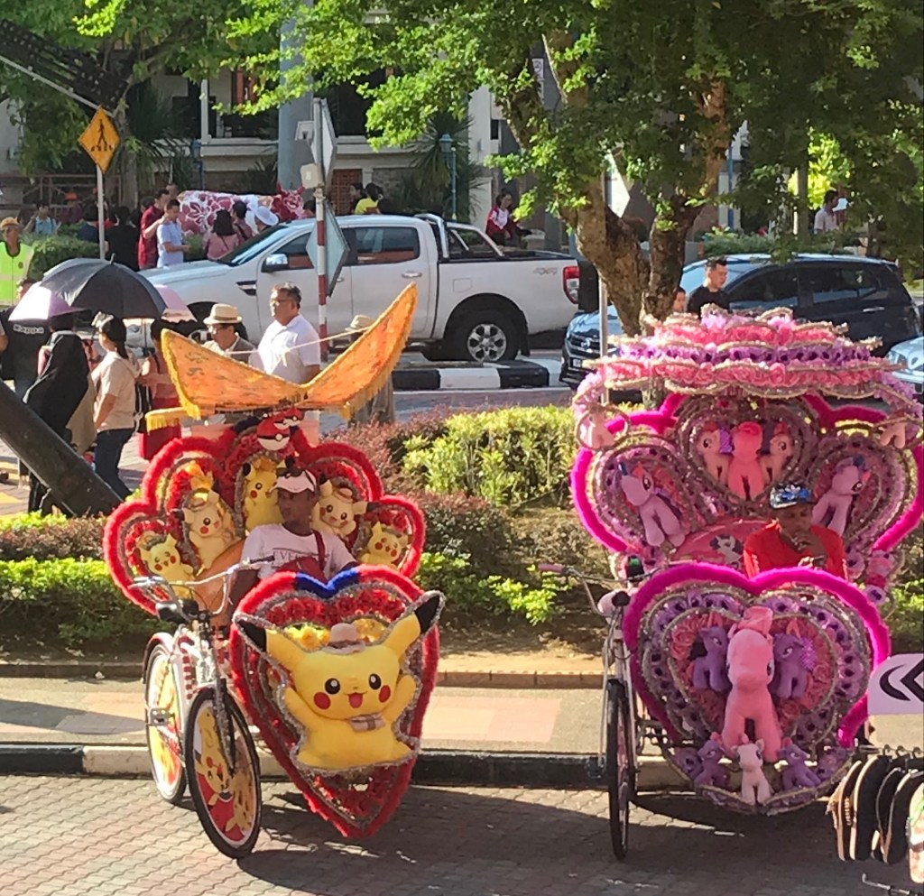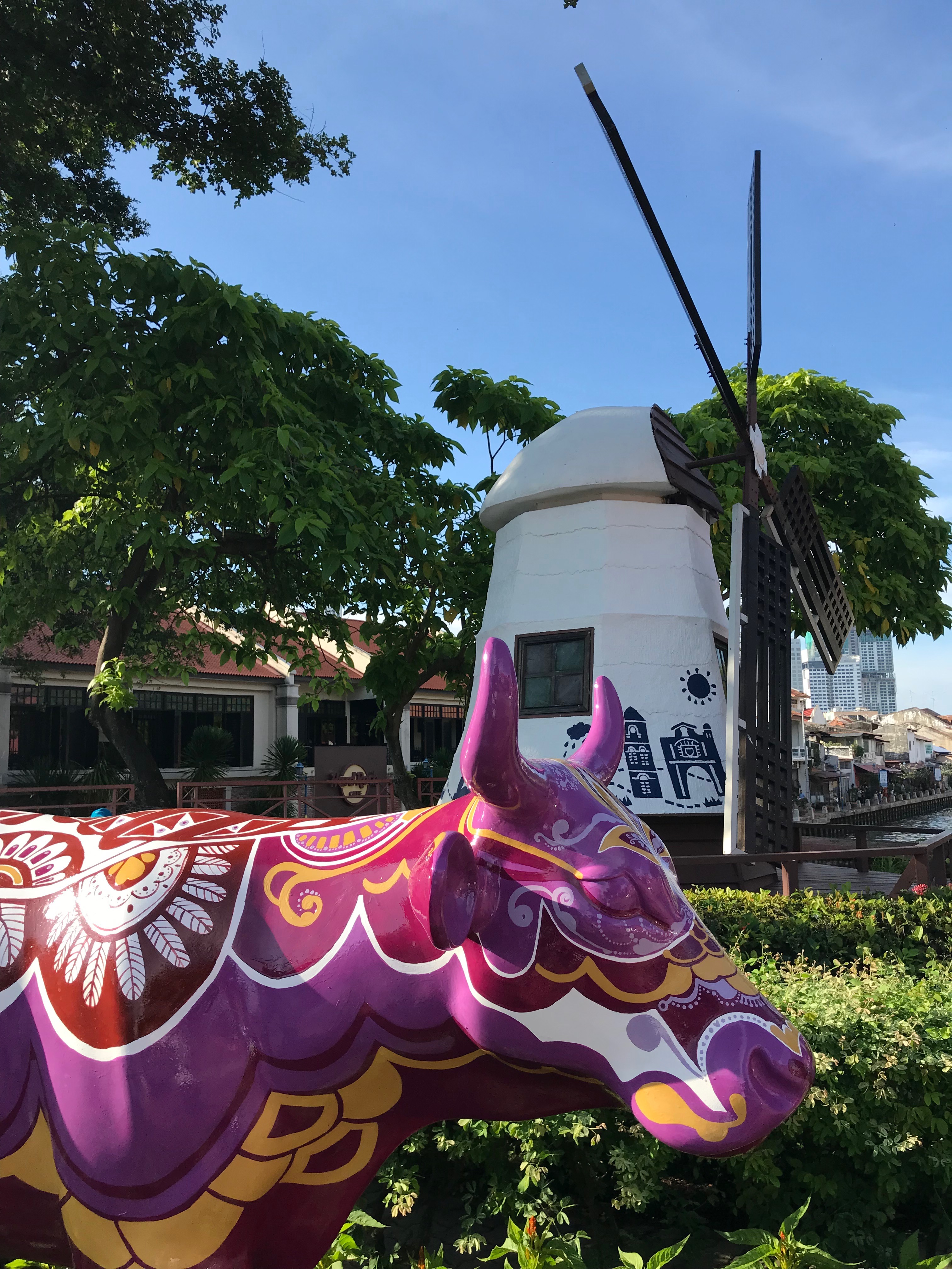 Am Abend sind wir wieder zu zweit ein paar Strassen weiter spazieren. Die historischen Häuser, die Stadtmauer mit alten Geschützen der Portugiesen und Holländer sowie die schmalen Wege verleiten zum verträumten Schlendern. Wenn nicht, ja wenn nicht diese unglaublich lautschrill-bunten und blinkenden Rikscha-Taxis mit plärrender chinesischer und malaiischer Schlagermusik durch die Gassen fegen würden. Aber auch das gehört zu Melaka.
········
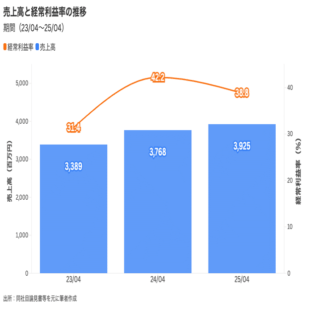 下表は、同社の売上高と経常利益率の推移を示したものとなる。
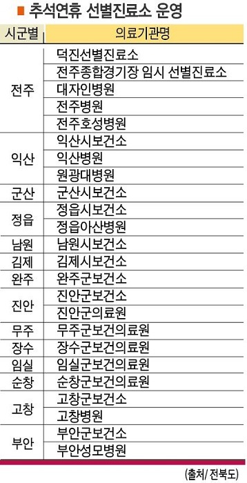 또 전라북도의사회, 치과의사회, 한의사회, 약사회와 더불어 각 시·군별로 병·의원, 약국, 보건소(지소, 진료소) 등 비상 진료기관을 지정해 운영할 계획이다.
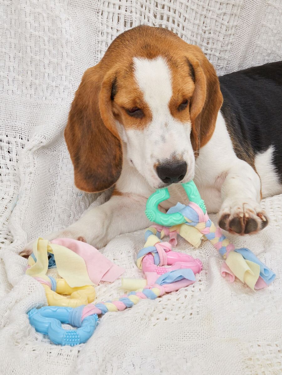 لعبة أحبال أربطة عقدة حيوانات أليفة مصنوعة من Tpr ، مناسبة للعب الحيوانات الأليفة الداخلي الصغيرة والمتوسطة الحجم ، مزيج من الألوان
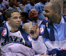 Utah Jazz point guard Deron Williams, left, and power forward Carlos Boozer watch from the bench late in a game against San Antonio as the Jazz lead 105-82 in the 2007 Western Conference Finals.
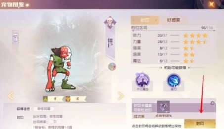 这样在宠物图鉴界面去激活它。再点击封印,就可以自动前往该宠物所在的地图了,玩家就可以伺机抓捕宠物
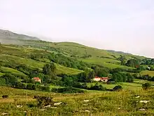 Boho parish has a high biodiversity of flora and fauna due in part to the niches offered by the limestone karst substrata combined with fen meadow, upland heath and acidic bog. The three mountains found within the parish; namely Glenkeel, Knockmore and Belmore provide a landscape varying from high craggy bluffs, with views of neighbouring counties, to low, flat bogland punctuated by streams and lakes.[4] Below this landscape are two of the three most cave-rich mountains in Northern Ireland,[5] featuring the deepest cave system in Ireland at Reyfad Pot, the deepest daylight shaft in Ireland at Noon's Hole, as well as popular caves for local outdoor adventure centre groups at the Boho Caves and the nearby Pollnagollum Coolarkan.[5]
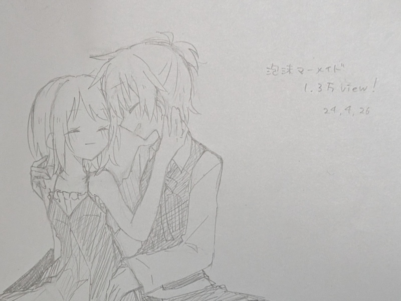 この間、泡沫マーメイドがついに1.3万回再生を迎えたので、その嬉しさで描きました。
········
# Assigned task
Transcribe, from the material above, the stretch starting at the line with "또 전라북도의사회, 치과의사회, 한의사회, 약사회와" and ending at the line with "这样在宠物图鉴界面去激活它。", both included, exactly. Do not carry over pictures.

# Task answer
 또 전라북도의사회, 치과의사회, 한의사회, 약사회와 더불어 각 시·군별로 병·의원, 약국, 보건소(지소, 진료소) 등 비상 진료기관을 지정해 운영할 계획이다.
 لعبة أحبال أربطة عقدة حيوانات أليفة مصنوعة من Tpr ، مناسبة للعب الحيوانات الأليفة الداخلي الصغيرة والمتوسطة الحجم ، مزيج من الألوان
 Utah Jazz point guard Deron Williams, left, and power forward Carlos Boozer watch from the bench late in a game against San Antonio as the Jazz lead 105-82 in the 2007 Western Conference Finals.
 这样在宠物图鉴界面去激活它。再点击封印,就可以自动前往该宠物所在的地图了,玩家就可以伺机抓捕宠物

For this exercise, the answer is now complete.